▶ **Recorded information**:
........
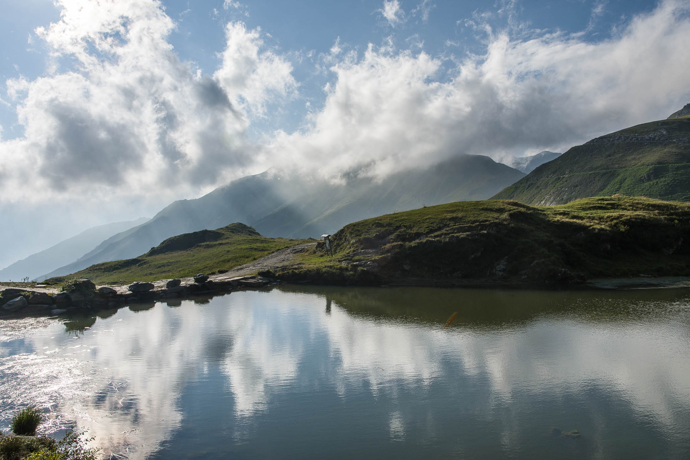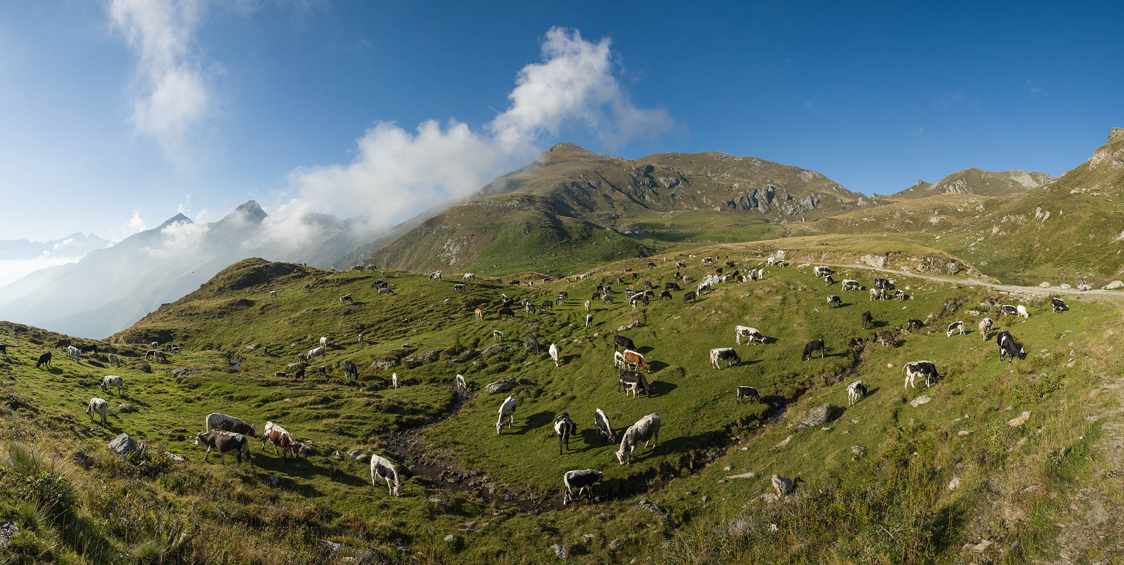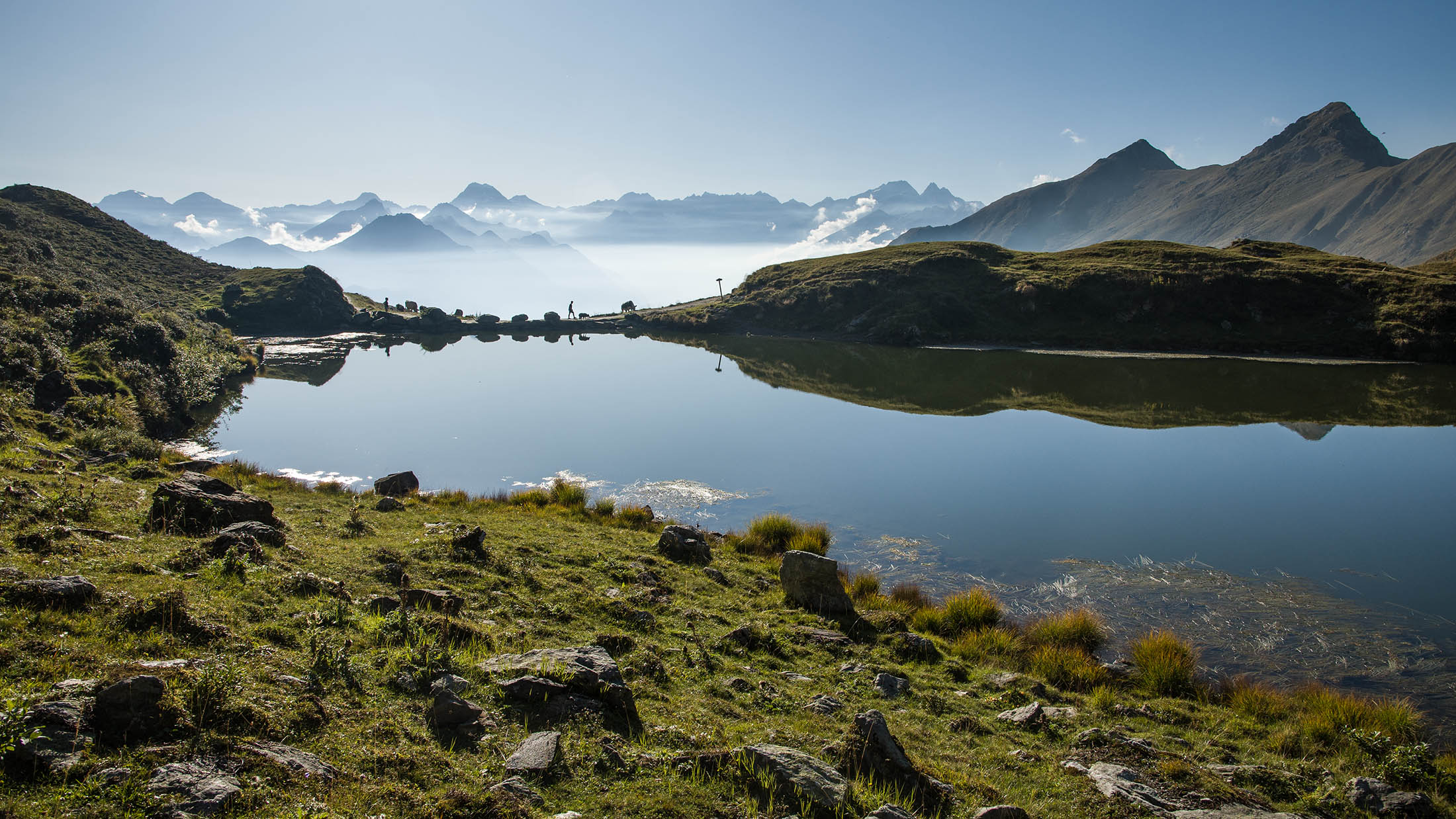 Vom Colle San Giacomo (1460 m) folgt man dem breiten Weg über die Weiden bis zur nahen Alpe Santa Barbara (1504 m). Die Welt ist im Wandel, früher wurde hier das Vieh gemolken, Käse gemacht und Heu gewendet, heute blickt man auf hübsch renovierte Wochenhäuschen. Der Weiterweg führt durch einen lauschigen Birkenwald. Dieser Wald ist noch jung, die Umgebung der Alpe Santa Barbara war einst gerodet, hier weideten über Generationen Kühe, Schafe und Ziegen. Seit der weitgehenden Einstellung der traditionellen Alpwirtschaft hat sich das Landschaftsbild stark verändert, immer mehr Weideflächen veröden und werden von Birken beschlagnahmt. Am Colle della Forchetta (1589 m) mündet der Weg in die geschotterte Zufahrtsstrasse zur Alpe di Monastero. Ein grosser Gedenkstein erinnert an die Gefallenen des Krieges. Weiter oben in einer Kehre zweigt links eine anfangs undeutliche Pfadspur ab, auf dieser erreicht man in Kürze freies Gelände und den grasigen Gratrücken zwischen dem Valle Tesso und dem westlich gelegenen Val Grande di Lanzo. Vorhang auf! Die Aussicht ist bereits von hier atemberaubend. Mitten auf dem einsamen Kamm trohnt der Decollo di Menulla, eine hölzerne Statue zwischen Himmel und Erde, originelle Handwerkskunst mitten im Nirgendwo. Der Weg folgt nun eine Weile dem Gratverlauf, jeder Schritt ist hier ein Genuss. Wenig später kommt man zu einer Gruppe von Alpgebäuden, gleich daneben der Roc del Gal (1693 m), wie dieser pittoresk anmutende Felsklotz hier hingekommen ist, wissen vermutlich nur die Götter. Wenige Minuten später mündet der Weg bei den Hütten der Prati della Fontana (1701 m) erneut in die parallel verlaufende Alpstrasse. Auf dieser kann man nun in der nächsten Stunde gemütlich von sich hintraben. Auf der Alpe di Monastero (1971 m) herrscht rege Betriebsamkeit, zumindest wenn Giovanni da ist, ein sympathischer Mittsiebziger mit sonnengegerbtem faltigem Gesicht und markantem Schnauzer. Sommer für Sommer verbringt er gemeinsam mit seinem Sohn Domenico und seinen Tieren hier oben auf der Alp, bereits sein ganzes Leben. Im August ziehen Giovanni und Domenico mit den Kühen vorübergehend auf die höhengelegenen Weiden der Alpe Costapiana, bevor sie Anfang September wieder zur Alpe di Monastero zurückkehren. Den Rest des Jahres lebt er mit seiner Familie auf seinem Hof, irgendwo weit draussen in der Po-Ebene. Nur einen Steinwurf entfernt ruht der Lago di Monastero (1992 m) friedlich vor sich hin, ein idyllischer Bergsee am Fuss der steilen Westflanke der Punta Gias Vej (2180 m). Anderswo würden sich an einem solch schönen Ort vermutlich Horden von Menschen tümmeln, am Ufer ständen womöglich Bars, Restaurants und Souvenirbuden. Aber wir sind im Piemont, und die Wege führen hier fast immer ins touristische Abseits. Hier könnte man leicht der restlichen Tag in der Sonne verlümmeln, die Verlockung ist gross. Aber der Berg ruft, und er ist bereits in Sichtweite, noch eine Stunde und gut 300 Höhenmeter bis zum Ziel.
........
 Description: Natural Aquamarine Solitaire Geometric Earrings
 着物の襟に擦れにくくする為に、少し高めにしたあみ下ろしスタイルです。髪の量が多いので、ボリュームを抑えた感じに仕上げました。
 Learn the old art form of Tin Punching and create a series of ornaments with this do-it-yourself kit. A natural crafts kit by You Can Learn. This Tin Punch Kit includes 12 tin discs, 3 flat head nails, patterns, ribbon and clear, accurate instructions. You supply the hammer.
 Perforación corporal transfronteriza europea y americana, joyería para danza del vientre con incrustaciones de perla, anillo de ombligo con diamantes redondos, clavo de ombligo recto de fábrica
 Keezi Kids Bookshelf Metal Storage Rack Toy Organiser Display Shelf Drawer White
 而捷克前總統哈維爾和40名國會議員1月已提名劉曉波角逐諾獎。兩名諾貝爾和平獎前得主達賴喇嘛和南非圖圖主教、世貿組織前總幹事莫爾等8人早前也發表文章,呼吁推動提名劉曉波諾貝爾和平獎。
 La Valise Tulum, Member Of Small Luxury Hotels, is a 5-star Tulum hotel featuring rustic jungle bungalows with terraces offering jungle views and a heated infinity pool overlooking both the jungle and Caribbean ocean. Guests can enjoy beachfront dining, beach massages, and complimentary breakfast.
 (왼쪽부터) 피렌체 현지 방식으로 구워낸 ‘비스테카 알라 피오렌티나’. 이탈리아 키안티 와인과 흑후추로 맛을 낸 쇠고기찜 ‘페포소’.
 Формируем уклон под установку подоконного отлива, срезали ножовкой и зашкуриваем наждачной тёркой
........
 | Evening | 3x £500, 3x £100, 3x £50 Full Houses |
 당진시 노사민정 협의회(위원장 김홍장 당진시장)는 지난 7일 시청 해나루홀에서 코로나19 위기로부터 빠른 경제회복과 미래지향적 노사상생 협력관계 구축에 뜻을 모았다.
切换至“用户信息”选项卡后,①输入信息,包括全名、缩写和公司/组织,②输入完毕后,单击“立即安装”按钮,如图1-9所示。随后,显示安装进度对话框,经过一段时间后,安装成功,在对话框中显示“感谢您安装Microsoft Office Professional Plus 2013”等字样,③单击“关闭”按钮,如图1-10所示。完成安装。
........
▶ **Required work**:
Repeat exactly the lines of the listing above, from the one with "당진시 노사민정 협의회(위원장" down to the one with "Office Professional Plus"; both of those lines belong in the range.

▶ **Answer below**:
 당진시 노사민정 협의회(위원장 김홍장 당진시장)는 지난 7일 시청 해나루홀에서 코로나19 위기로부터 빠른 경제회복과 미래지향적 노사상생 협력관계 구축에 뜻을 모았다.
切换至“用户信息”选项卡后,①输入信息,包括全名、缩写和公司/组织,②输入完毕后,单击“立即安装”按钮,如图1-9所示。随后,显示安装进度对话框,经过一段时间后,安装成功,在对话框中显示“感谢您安装Microsoft Office Professional Plus 2013”等字样,③单击“关闭”按钮,如图1-10所示。完成安装。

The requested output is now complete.